Confidence Interval

This appendix describes the method of confidence interval computation for a one-dimensional normal distribution.

Cumulative Probability

The cumulative probability is the likelihood that the value of a random variable is within a specific range.

\[ P\left( a \leq X \leq b \right) \]

Let us return to the pizza delivery distribution example (see Essential background I section). We want to find the likelihood that the pizza in city 'A' would be delivered within 33 minutes:

\[ P\left( 0 \leq X \leq 33 \right) \]

As a reminder, the pizza delivery time in the city 'A' is normally distributed with a mean of 30 minutes and a standard deviation of 5 minutes \( \left( \mu=30, \sigma=5 \right) \).

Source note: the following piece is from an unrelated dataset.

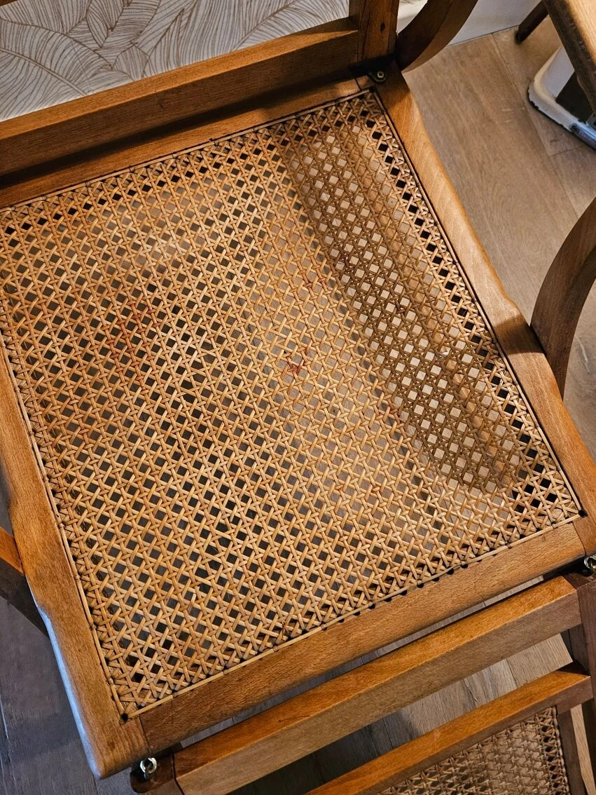 Cannage en très bon état: pas d’accroc, ni de manque; quelques traces de vernis sur l’assise à peine perceptibles.

We need to find the area under the PDF curve between zero and 33 minutes:

Example-driven guide to Kalman Filter

Get the book

The filled area under Gaussian is given by:

\[ F \left( x;\mu,\sigma^{2} \right) = \frac{1}{\sqrt{2\pi\sigma^{2}}} \int_{0}^{r}exp \left(\frac{-(x-\mu)^2}{2\sigma^{2}} \right)dx \]

In our case:

\[ F \left( x;\mu,\sigma^{2} \right) = \frac{1}{\sqrt{2\pi \cdot 5^{2}}} \int_{0}^{33}exp \left(\frac{-(x-30)^2}{2\cdot 5^{2}} \right)dx \]

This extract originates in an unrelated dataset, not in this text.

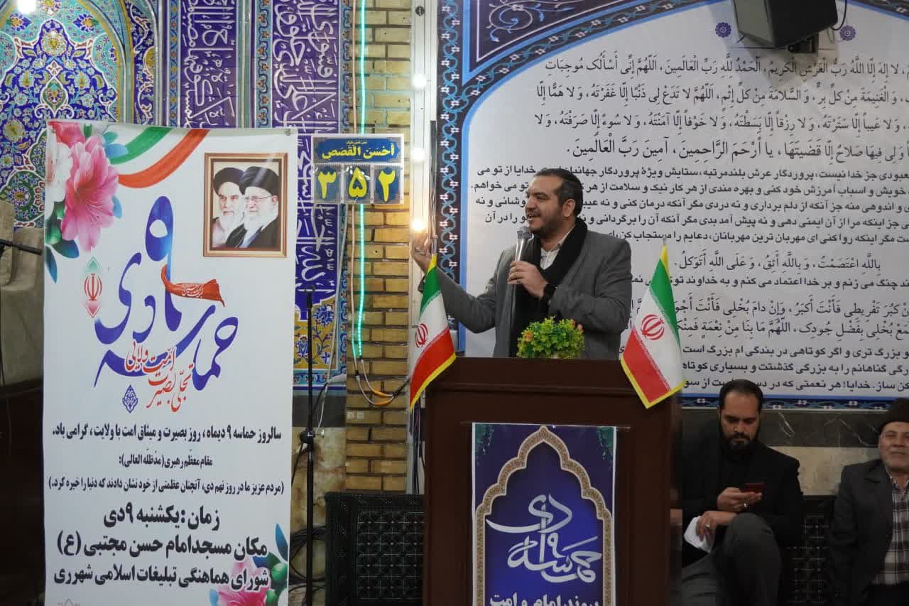 سلیمانپور افزود: ۹ دی تجلی وفاق، همدلی و همگرایی ملت در برابر فتنه های دشمنان قسم خورده نظام و انقلاب است. مردم بزرگ ایران در این روز فارغ از هرگونه اختلافات و تفاوت در دیدگاه ها، با لبیک به ندای مقام معظم رهبری به میدان آمدند و تمامی توطئه های دشمنان و نقشه های شوم آنها را نقش بر آب کردند.

Don't worry. We won't need to compute this integral.

Let us define a standardized score (also called a z-score) to simplify the problem.

z-score is a standardized random variable with a mean of 0 and a standard deviation of 1 \( \left( \mu=0, \sigma=1 \right) \).

\[ z = \frac{x-\mu}{\sigma} \]

A z-score defines the distance of \( x \) from the mean in units of standard deviations. For example:

If \(z-score=1\), the value of \( z \) is one standard deviation above the mean.
If \(z-score=-2.5\), the value of \( z \) is 2.5 standard deviations below the mean.
If \(z-score=0\), the value of \( z \) equals the mean.

The pizza delivery time in city 'A' is a random variable with a mean of 30 and a standard deviation of 5 \( \left( \mu=30, \sigma=5 \right) \).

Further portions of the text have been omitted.